Apa Artinya bagi Konsumen di Indonesia?

Untuk saat ini, seluruh informasi di atas masih berstatus bocoran dan belum ada pengumuman resmi dari Samsung. Informasi rilis untuk pasar Indonesia belum diumumkan.

Namun, ada beberapa hal yang layak dicermati oleh calon pembeli Galaxy S27 di Indonesia. Pertama, komposisi chip yang digunakan — apakah Snapdragon atau Exynos — berpotensi memengaruhi performa dan efisiensi baterai, sebagaimana terjadi pada generasi-generasi sebelumnya. Kedua, kenaikan harga DRAM yang signifikan hampir pasti akan mendorong harga jual Galaxy S27 lebih tinggi dibanding Galaxy S26 saat ini.

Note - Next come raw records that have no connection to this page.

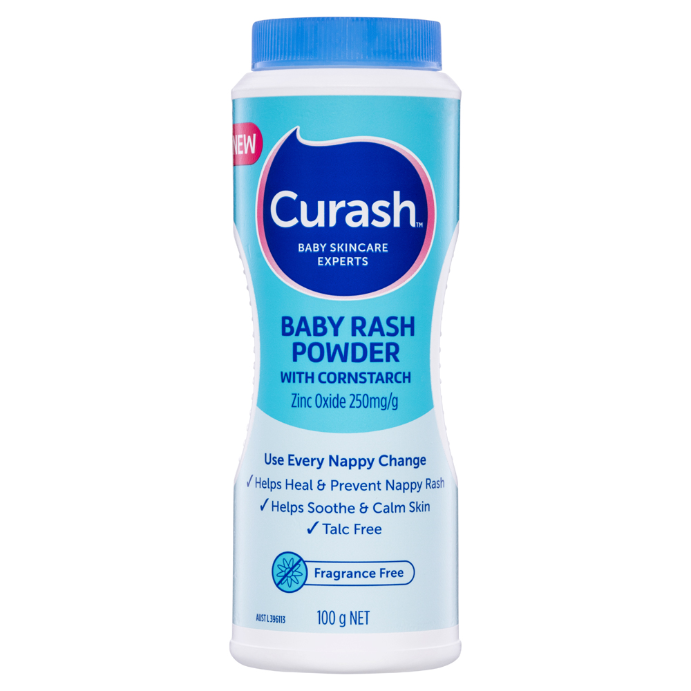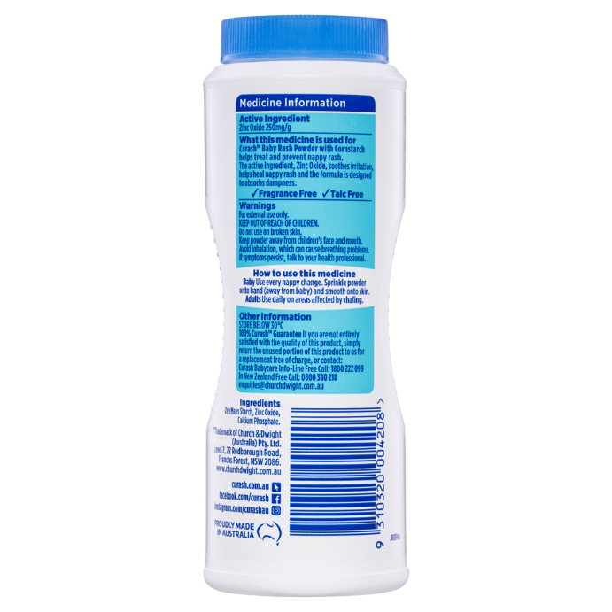 • What it isCurash Baby Rash Powder with cornstarch helps treat and prevent nappy rash. The active ingredient, Zinc Oxide, soothes irritation, helps heal nappy rash and the formula is designed to absorb dampness.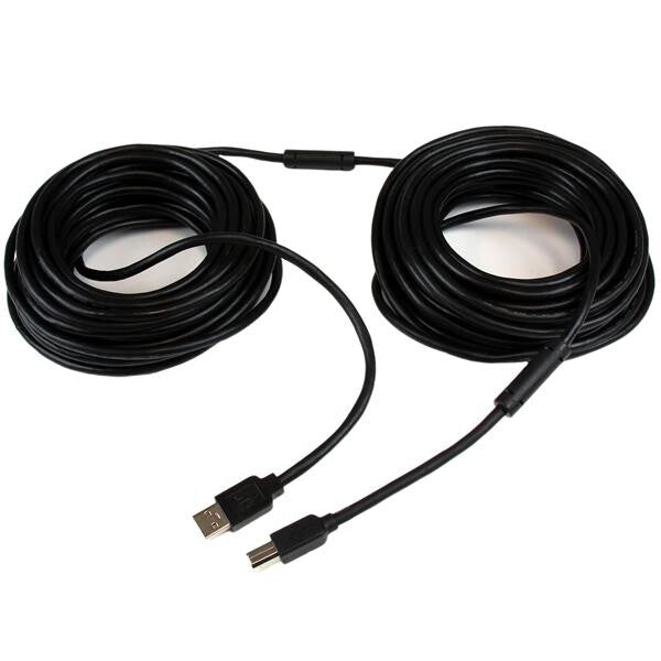 The USB2HAB65AC 65ft/20m USB A to B cable incorporates bus-powered active circuitry, which enables it to perform beyond the 5-meter limit of a standard USB cable.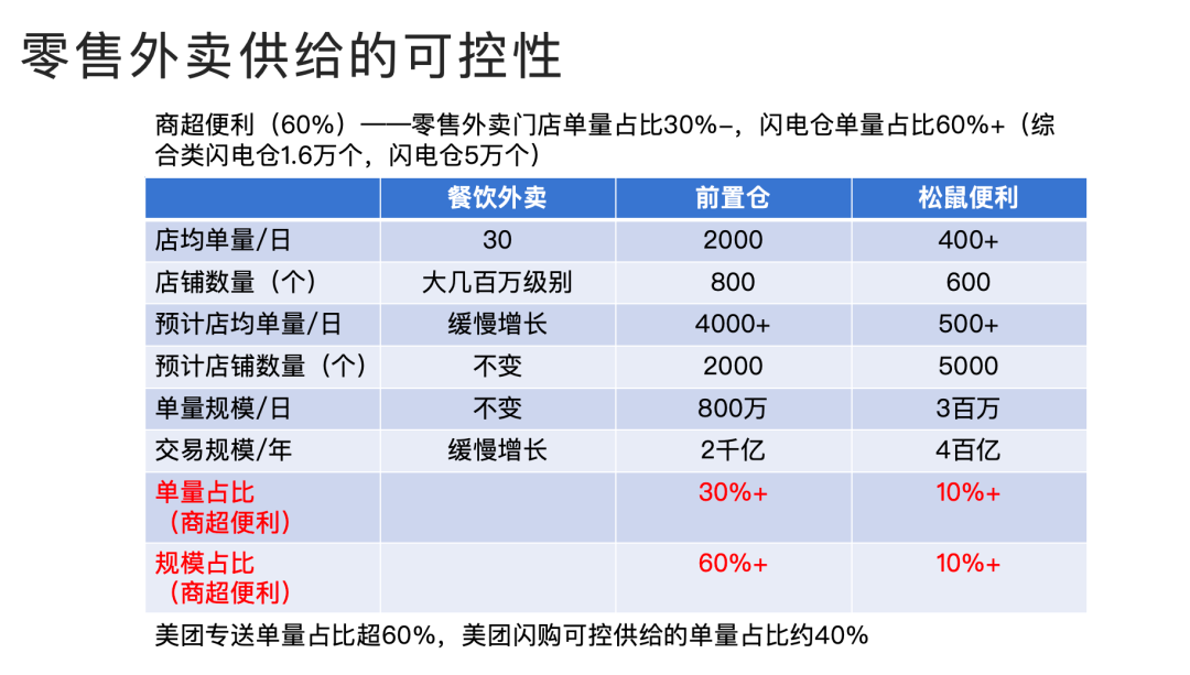 我个人推测,平台(美团)能实现可控供给能占到整个商超便利类目的60%以上。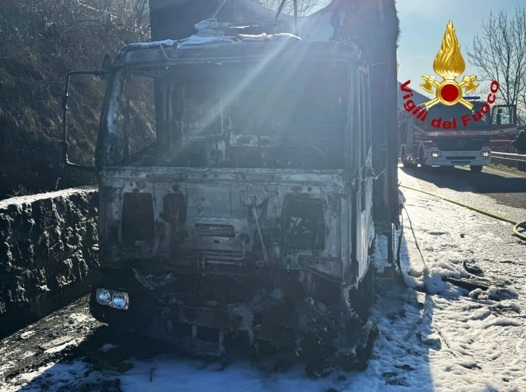 Camion prende fuoco sulla strada del Costo: veicolo completamente distrutto dalle fiamme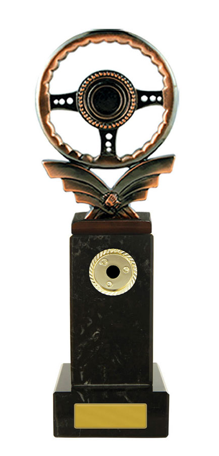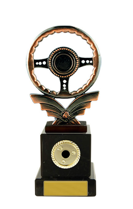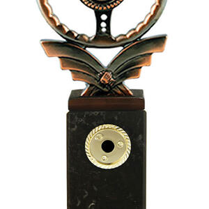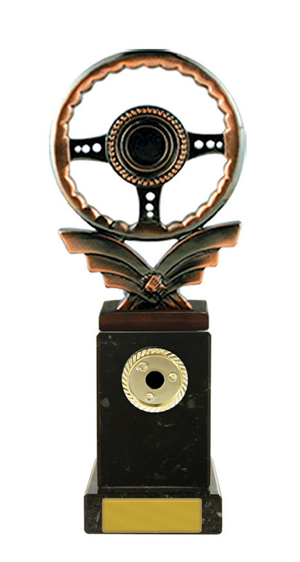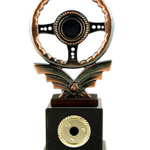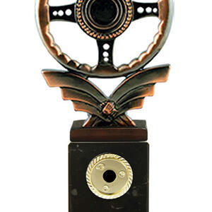 This motor sports trophy stands out with a striking steering wheel design, framed by a classic laurel wreath to symbolise victory. Crafted with a bronze finish and set on a black base, it presents an elegant and durable recognition piece. Perfect for racing trophies, it features a gold engraving plate for personalisation, making it a memorable choice for motorsport achievements.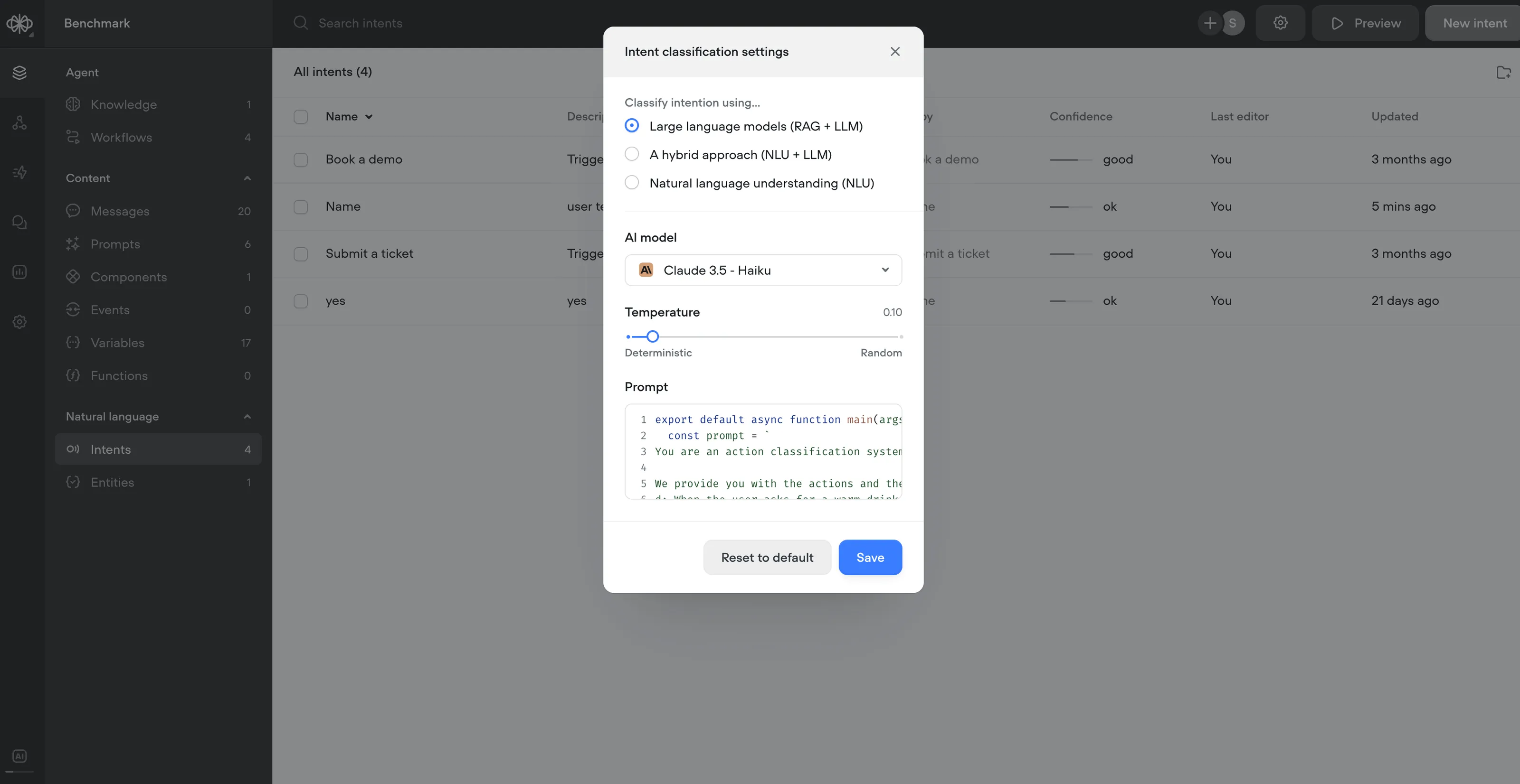To make this transition smoother, we will keep both services running for a period of time. This will give you the necessary opportunity to explore the new system, test it thoroughly, and make any adjustments to your agents as needed. You can switch between the NLU and RAG systems in intent classification settings within the Intents CMS.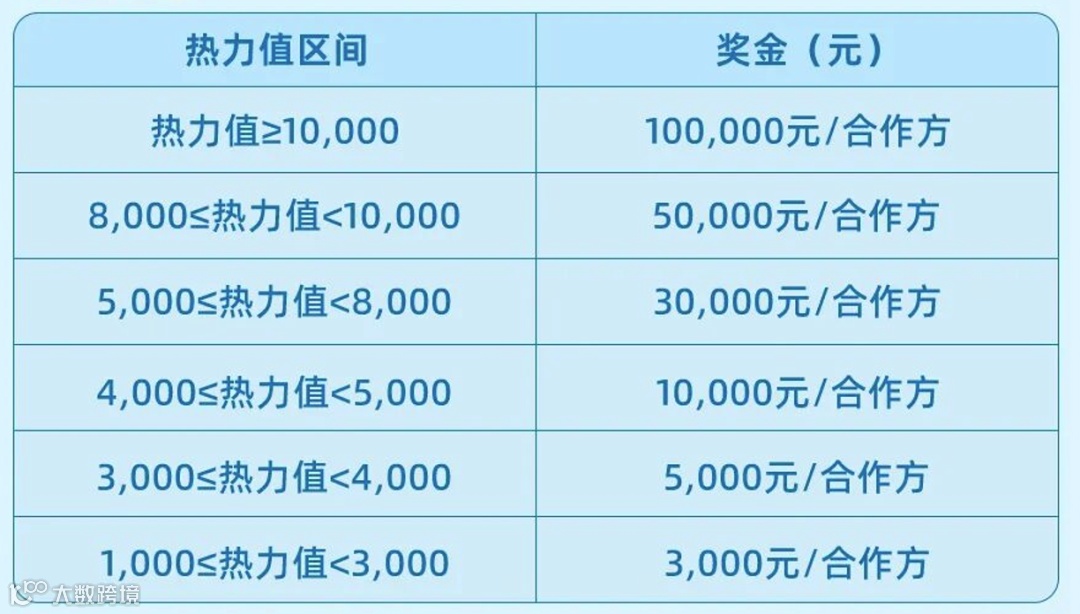 根据规则,合作方的热力值表现直接决定奖金数额,从1000热力值起奖,热力值到达10万及以上的合作方可获得10万元奖金,具体如下: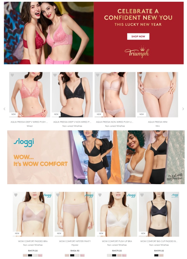 说到买内衣裤怎么会遗忘Triumph呢?现在到Triumph 网站除了能买到同名品牌,还有sloggi原来也是一家,选择非常多。另外,害怕买错size的你,还能在官网上预定「Fit Advice」的服务,降低大家买到不合适的内衣,十分贴心哦!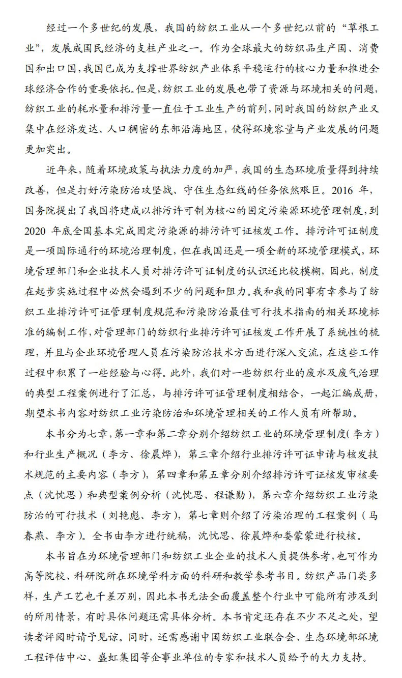 纺织工业排污许可证管理与污染防治技术 中国环境出版集团 李方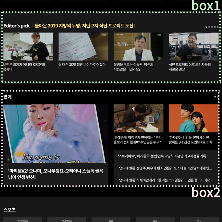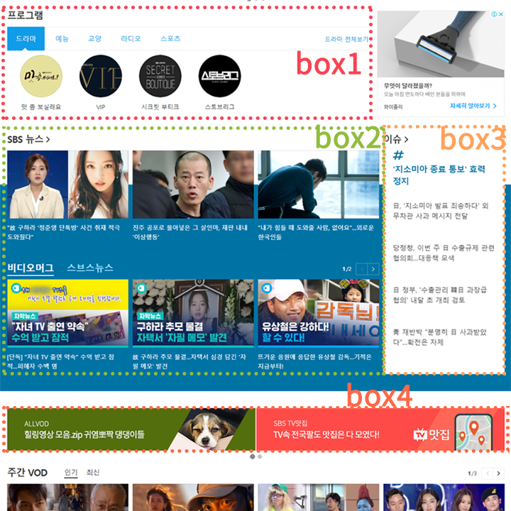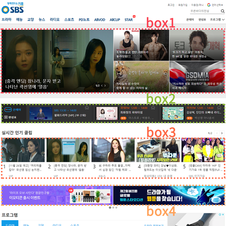 가장 먼저 눈에 들어오는 영역인 box1은 프로그램의 다양한 채널광고를 보여주고,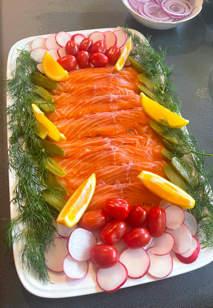Scandinavian gravlax is fresh salmon cured in salt and sugar with dill. Linda made this excellent version from another great recipetineats recipe.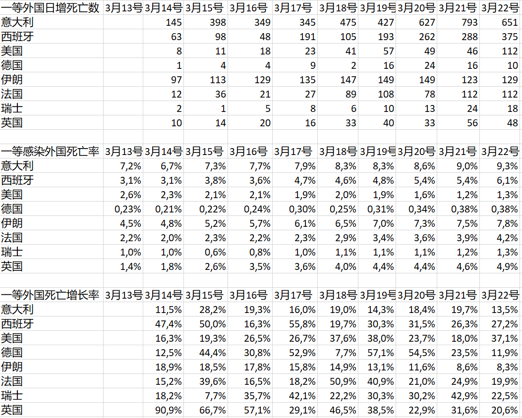 第一個表是每日新增死亡數,第二個表是死亡率(累計死亡/累計確診),第三個表是死亡數的增長率(今天死亡/昨天-1再乘100%)。從這裏可以看到,和新增確診一樣,意大利今天的新增死亡人數新增死亡人數比率也開始下降。如果這個數字以後也能與新增確診並行下降,那昨天是峯值就可以進一步確認了。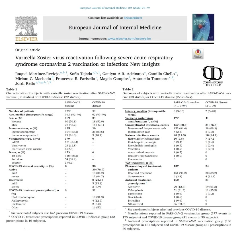 Martinez-Reviejo R, Tejada S, Adebanjo GAR, Chello C, Machado MC, Parisella FR, Campins M, Tammaro A, Rello J. Varicella-Zoster virus reactivation following severe acute respiratory syndrome coronavirus 2 vaccination or infection: New insights. Eur J Intern Med. 2022 Oct;104:73-79. doi: 10.1016/j.ejim.2022.07.022. Epub 2022 Aug 1. PMID: 35931613; PMCID: PMC9340059.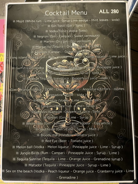 ムーガタに来たとしてもバーのカクテルやワインなどを注文できるので、一般的なオープンエアのローカルムーガタ屋さんとは一味違う体験ができそうですね。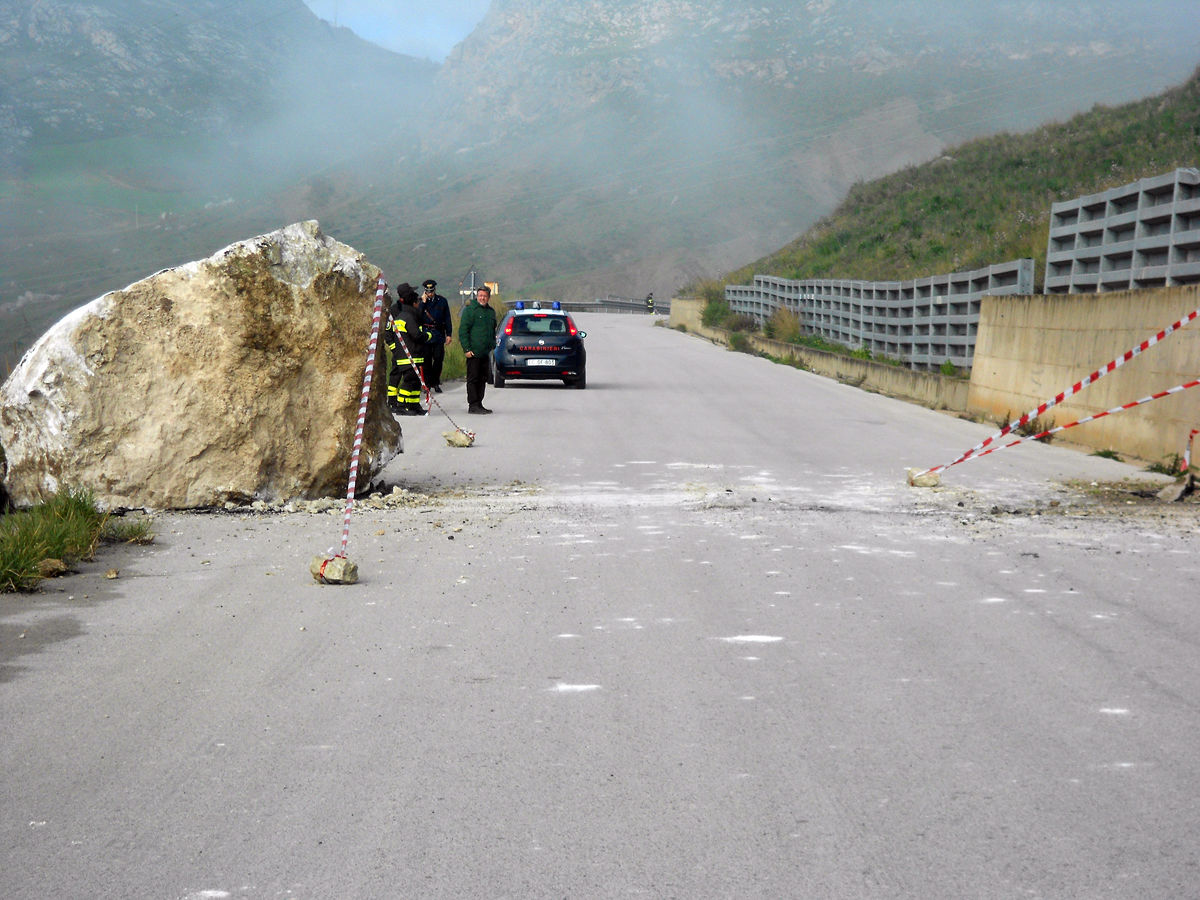 Situazione dramatica, sulla Strada Provinciale n. 22 Stazione Campofranco (SS189) – Cozzo Disi – Casteltermini, che da ieri, con Ordinanza n. 10 del Settore Infrastrutture Stradali, è stata ufficialmente chiusa al traffico dal km 1+050 al km 2+430 in seguito al distacco di un grosso masso e di materiale terroso da un costone roccioso sovrastante la strada.

Sebagai gambaran, Galaxy S26 standar dijual di Indonesia mulai sekitar Rp 14.999.000. Dengan tekanan biaya komponen yang ada, harga Galaxy S27 berpotensi naik cukup berarti. Informasi resmi mengenai spesifikasi dan harga untuk pasar Indonesia sebaiknya ditunggu hingga mendekati tanggal peluncuran resmi.